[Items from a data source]
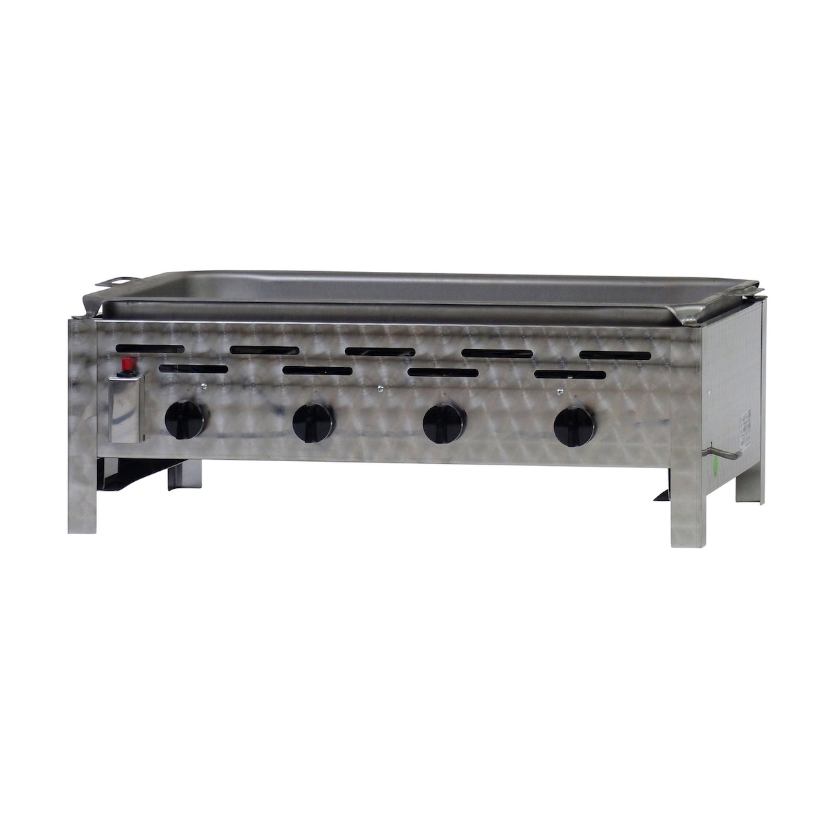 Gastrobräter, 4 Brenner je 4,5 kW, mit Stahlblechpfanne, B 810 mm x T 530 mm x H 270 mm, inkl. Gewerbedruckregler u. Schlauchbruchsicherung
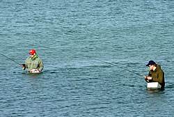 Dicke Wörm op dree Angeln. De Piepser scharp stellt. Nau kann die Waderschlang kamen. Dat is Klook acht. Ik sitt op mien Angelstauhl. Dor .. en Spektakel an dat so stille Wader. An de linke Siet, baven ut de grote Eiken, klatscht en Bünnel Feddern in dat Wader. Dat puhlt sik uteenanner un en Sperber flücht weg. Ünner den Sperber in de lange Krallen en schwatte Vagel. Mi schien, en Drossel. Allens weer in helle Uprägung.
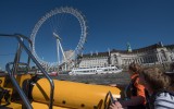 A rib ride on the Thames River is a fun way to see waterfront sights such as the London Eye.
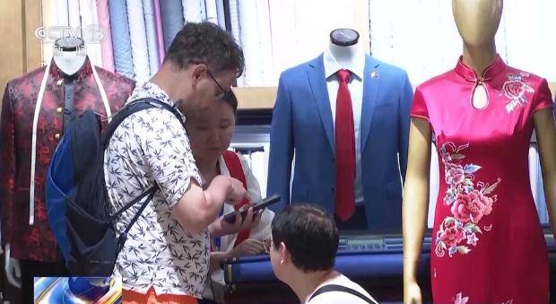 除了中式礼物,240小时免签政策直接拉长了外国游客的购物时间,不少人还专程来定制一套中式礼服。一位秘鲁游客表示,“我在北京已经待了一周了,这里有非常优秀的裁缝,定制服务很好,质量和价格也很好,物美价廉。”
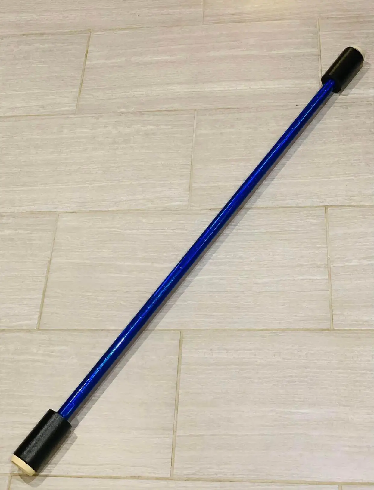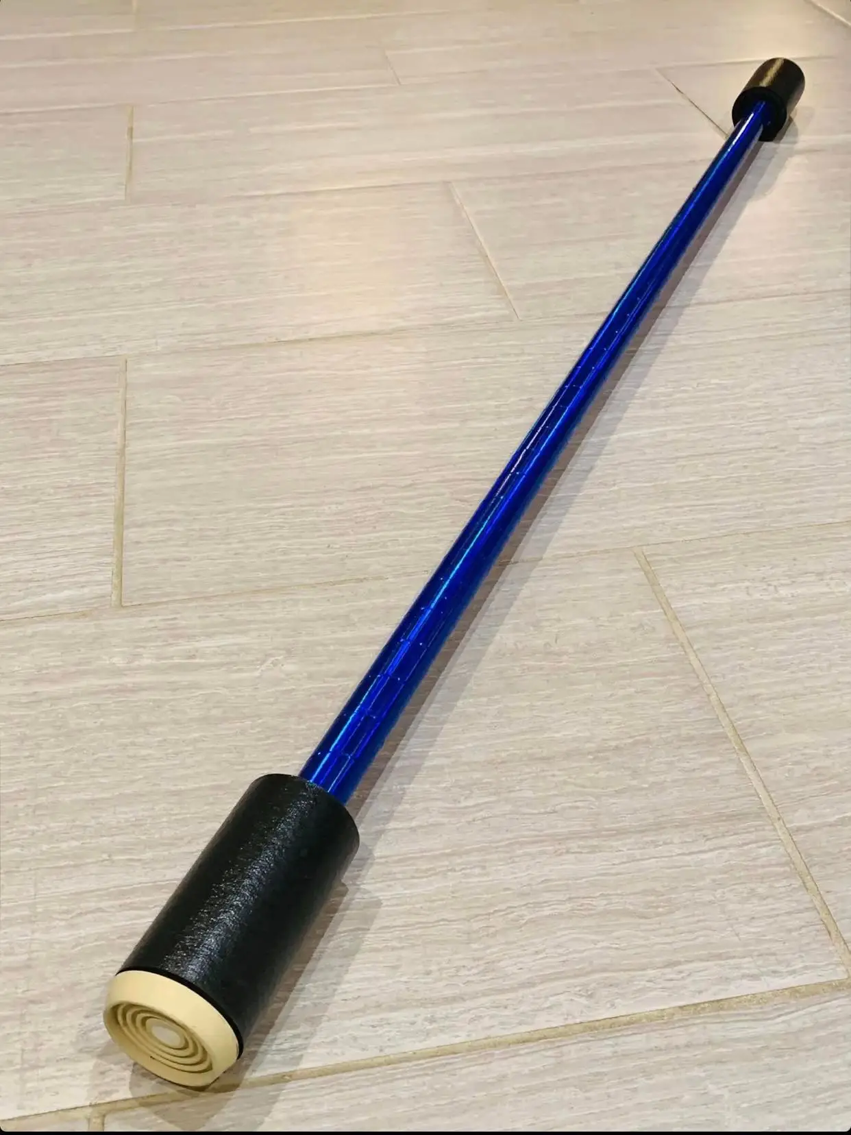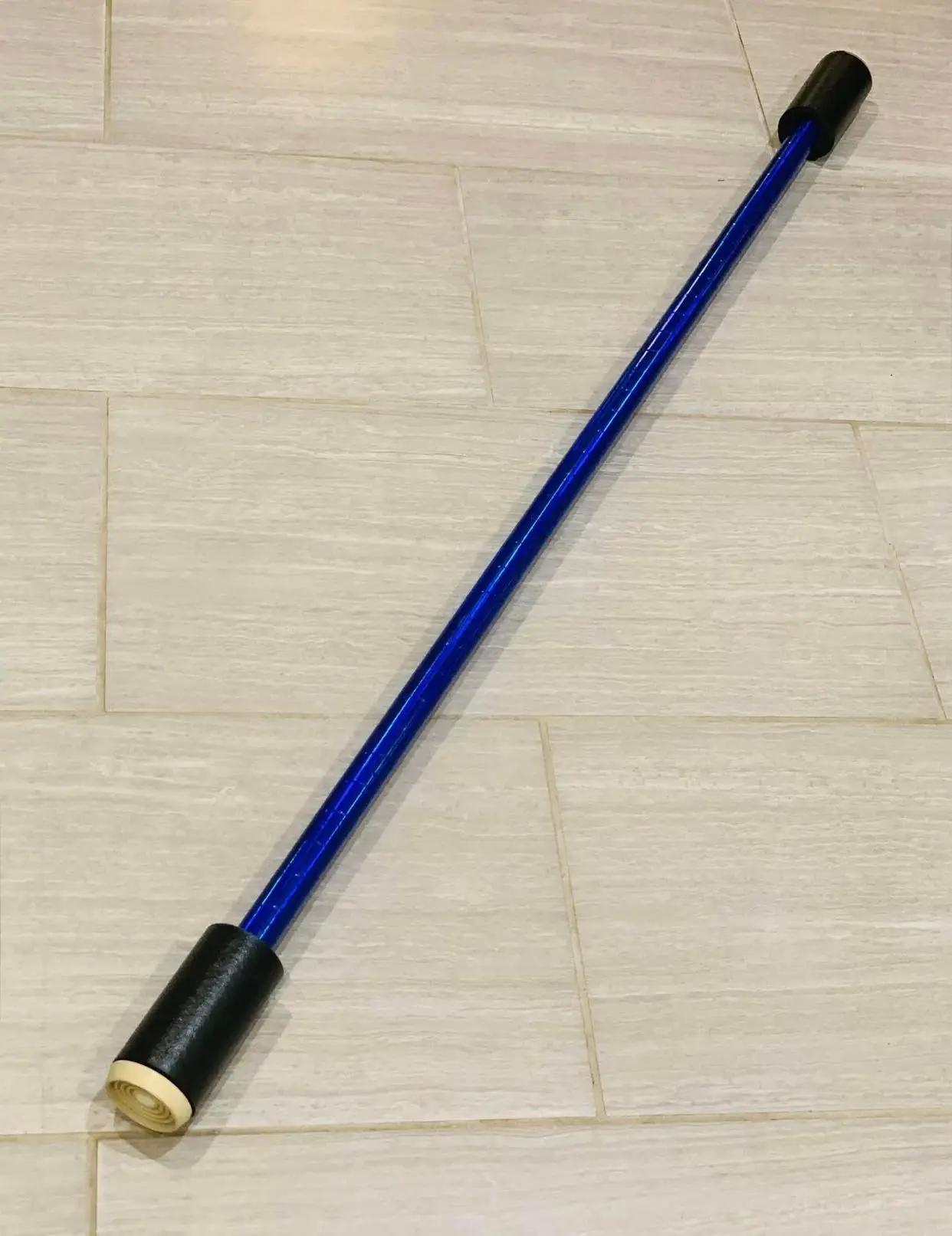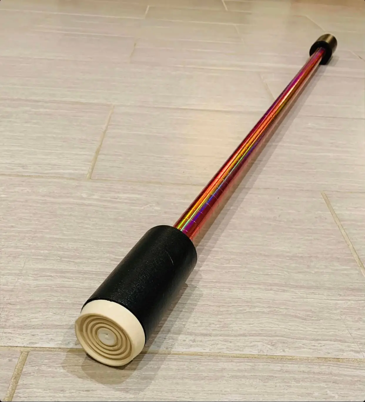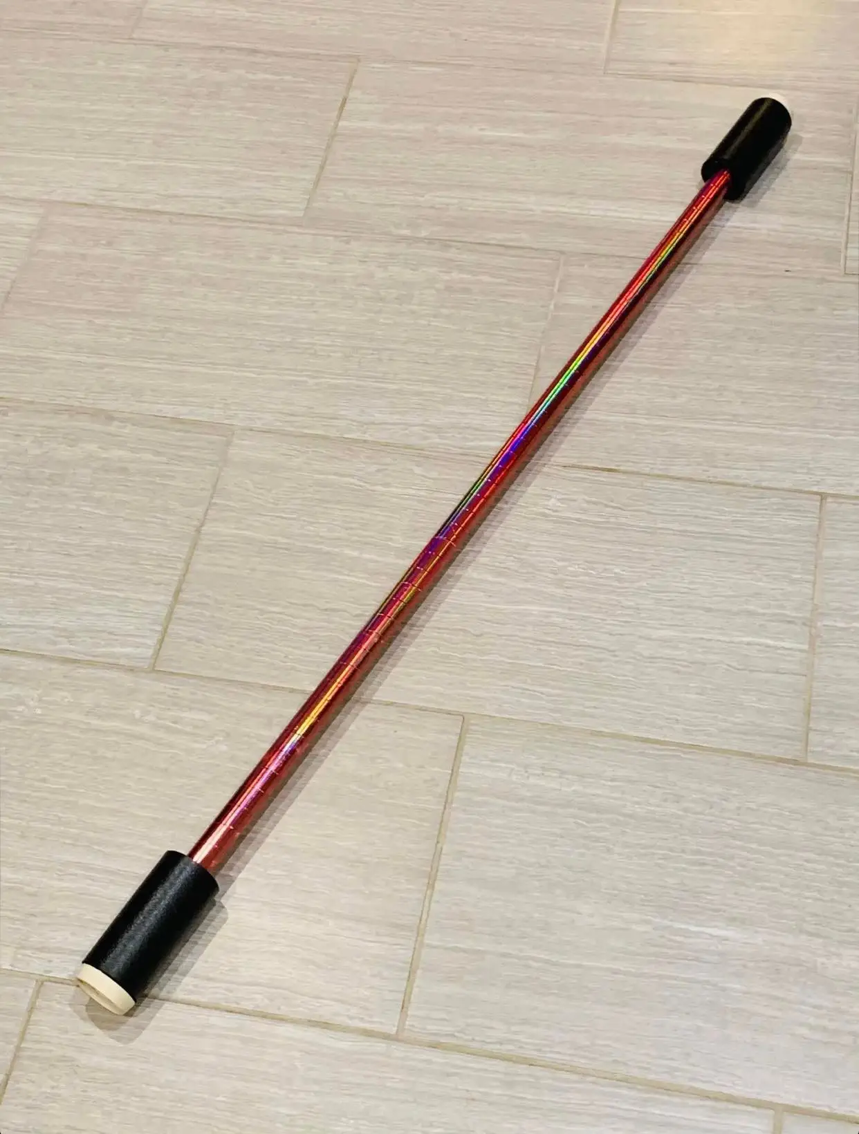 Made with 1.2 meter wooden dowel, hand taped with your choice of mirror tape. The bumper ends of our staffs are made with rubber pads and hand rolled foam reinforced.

#### Assignment
Your output must match the records word for word, apart from the images, which are left out.

#### Response to this task
 Gastrobräter, 4 Brenner je 4,5 kW, mit Stahlblechpfanne, B 810 mm x T 530 mm x H 270 mm, inkl. Gewerbedruckregler u. Schlauchbruchsicherung
 Dicke Wörm op dree Angeln. De Piepser scharp stellt. Nau kann die Waderschlang kamen. Dat is Klook acht. Ik sitt op mien Angelstauhl. Dor .. en Spektakel an dat so stille Wader. An de linke Siet, baven ut de grote Eiken, klatscht en Bünnel Feddern in dat Wader. Dat puhlt sik uteenanner un en Sperber flücht weg. Ünner den Sperber in de lange Krallen en schwatte Vagel. Mi schien, en Drossel. Allens weer in helle Uprägung.
 A rib ride on the Thames River is a fun way to see waterfront sights such as the London Eye.
 除了中式礼物,240小时免签政策直接拉长了外国游客的购物时间,不少人还专程来定制一套中式礼服。一位秘鲁游客表示,“我在北京已经待了一周了,这里有非常优秀的裁缝,定制服务很好,质量和价格也很好,物美价廉。”
 Made with 1.2 meter wooden dowel, hand taped with your choice of mirror tape. The bumper ends of our staffs are made with rubber pads and hand rolled foam reinforced.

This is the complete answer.